What you return must be the data below, word for word, without any images.

The data >>
········

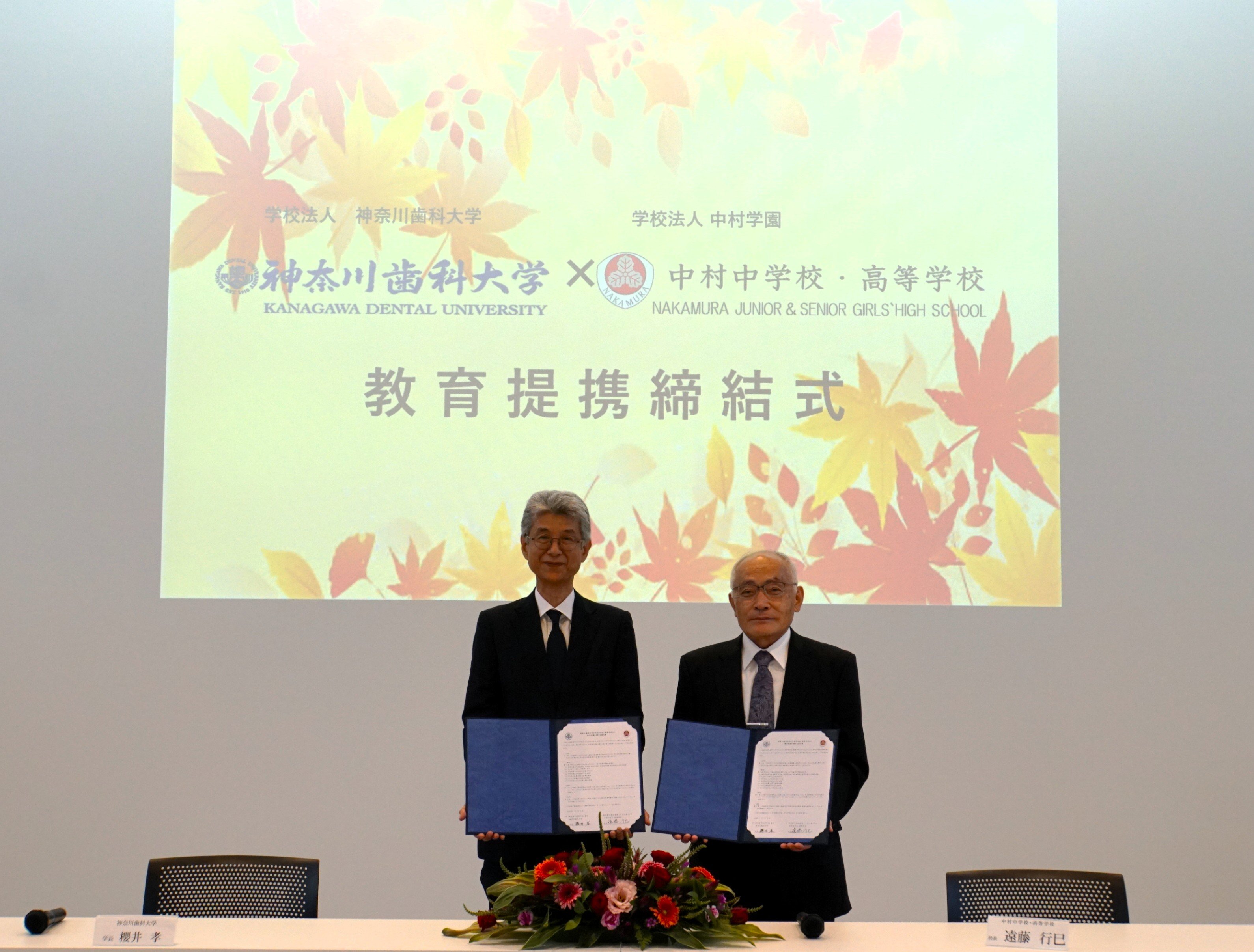 秋の風情が感じられる中、式では校長の遠藤行巳先生より「歯科医療に触れる機会が少ない生徒にとって、実りある締結となります。同時期の創立であることにご縁を感じつつ、この連携が長く続く事を祈っております」とご挨拶くださりました。櫻井学長からは「本学が提供する教育リソースを、医療探究活動に加え保健体育など様々な形で利用して頂き、中等教育期間に大学での教育期間を加えた12年間をかけて、未来に羽ばたく若者を育み、社会へと送り出すことができれば嬉しい限りです」との抱負が語られました。
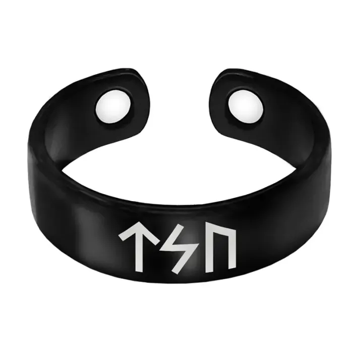 Магнитное кольцо-сувенир из бижутерного сплава с лазерной гравировкой рун.
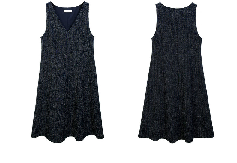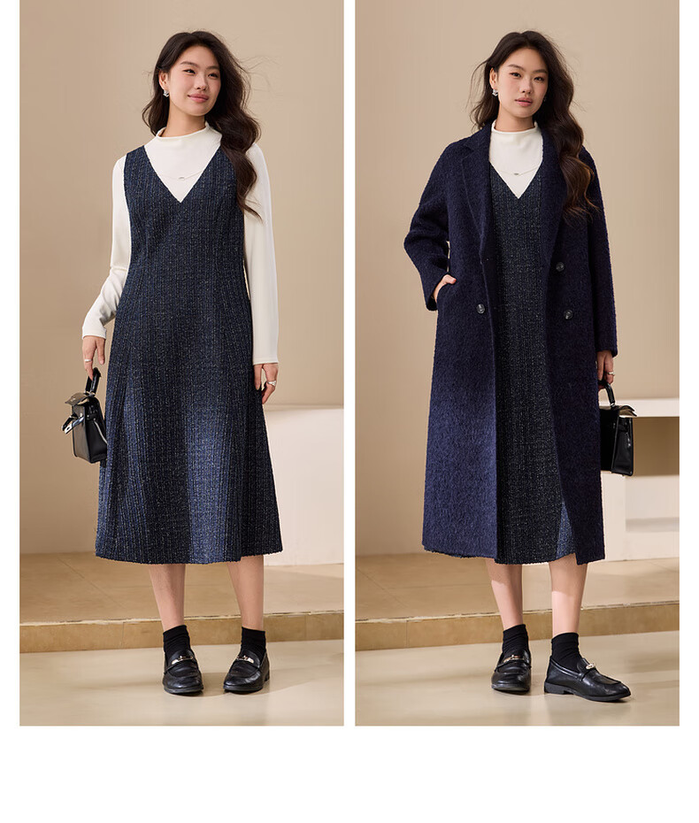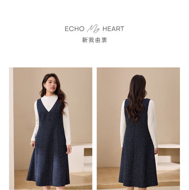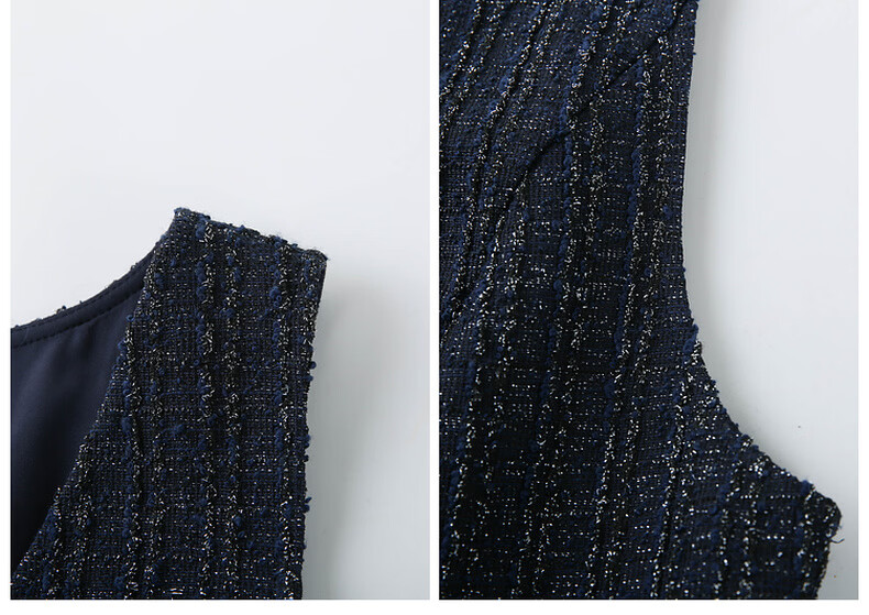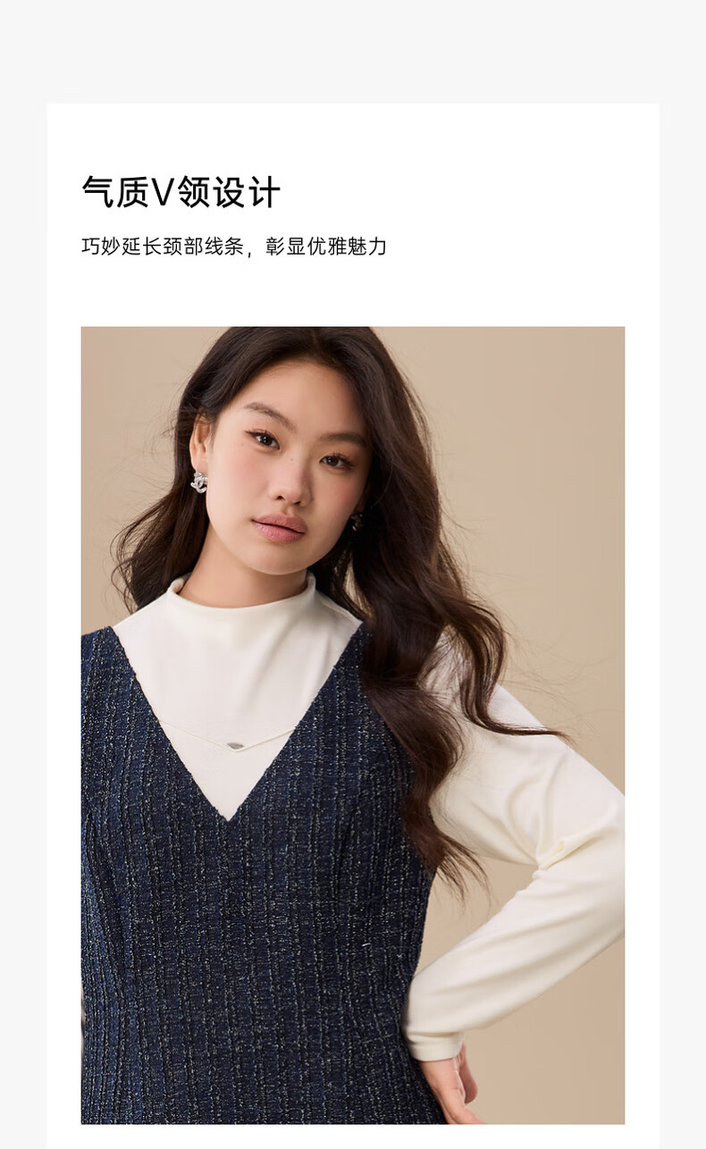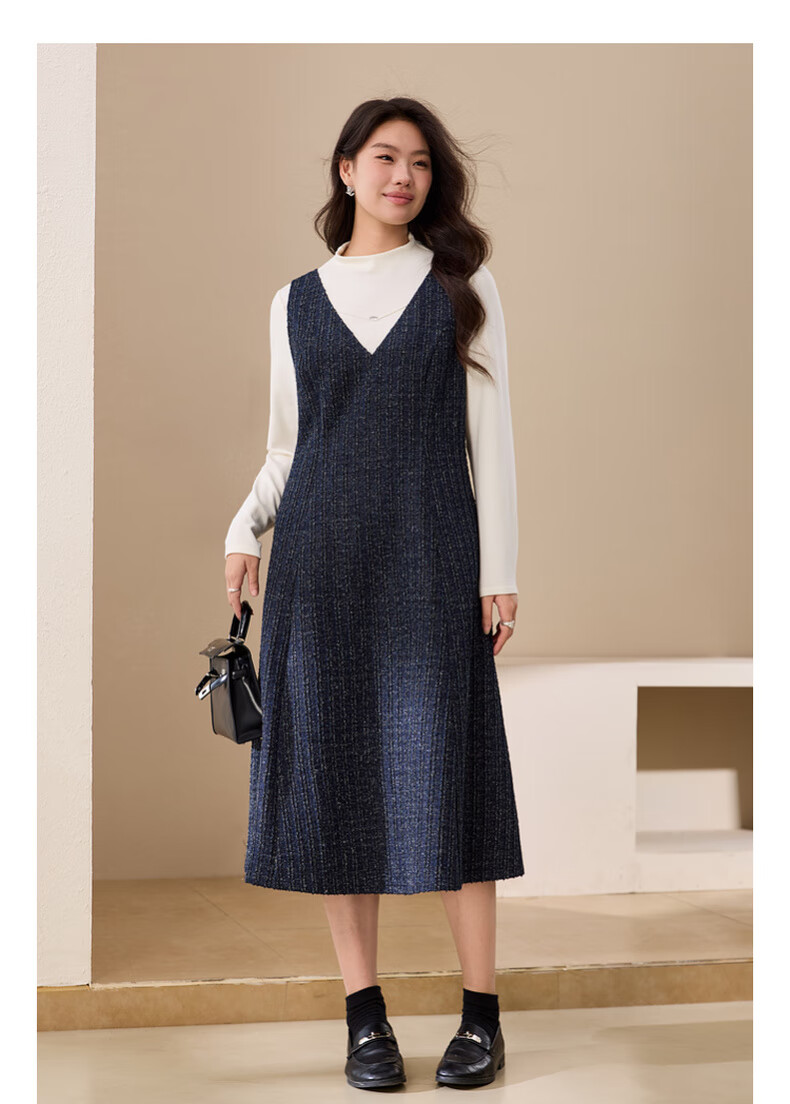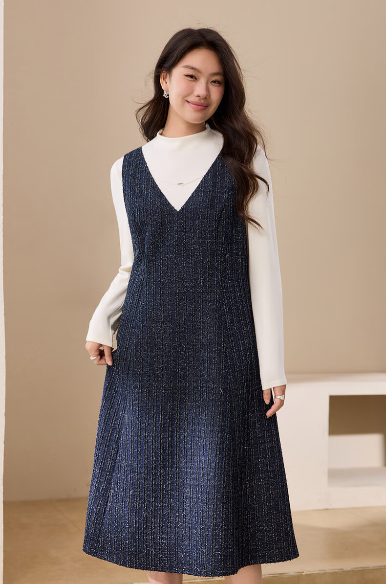 纤莉秀【V领无袖叠穿连衣裙】大码女装轻熟风背心裙胖mm冬装新款4724 深蓝色 5XL

········

Result of this task >>
 秋の風情が感じられる中、式では校長の遠藤行巳先生より「歯科医療に触れる機会が少ない生徒にとって、実りある締結となります。同時期の創立であることにご縁を感じつつ、この連携が長く続く事を祈っております」とご挨拶くださりました。櫻井学長からは「本学が提供する教育リソースを、医療探究活動に加え保健体育など様々な形で利用して頂き、中等教育期間に大学での教育期間を加えた12年間をかけて、未来に羽ばたく若者を育み、社会へと送り出すことができれば嬉しい限りです」との抱負が語られました。
 Магнитное кольцо-сувенир из бижутерного сплава с лазерной гравировкой рун.
 纤莉秀【V领无袖叠穿连衣裙】大码女装轻熟风背心裙胖mm冬装新款4724 深蓝色 5XL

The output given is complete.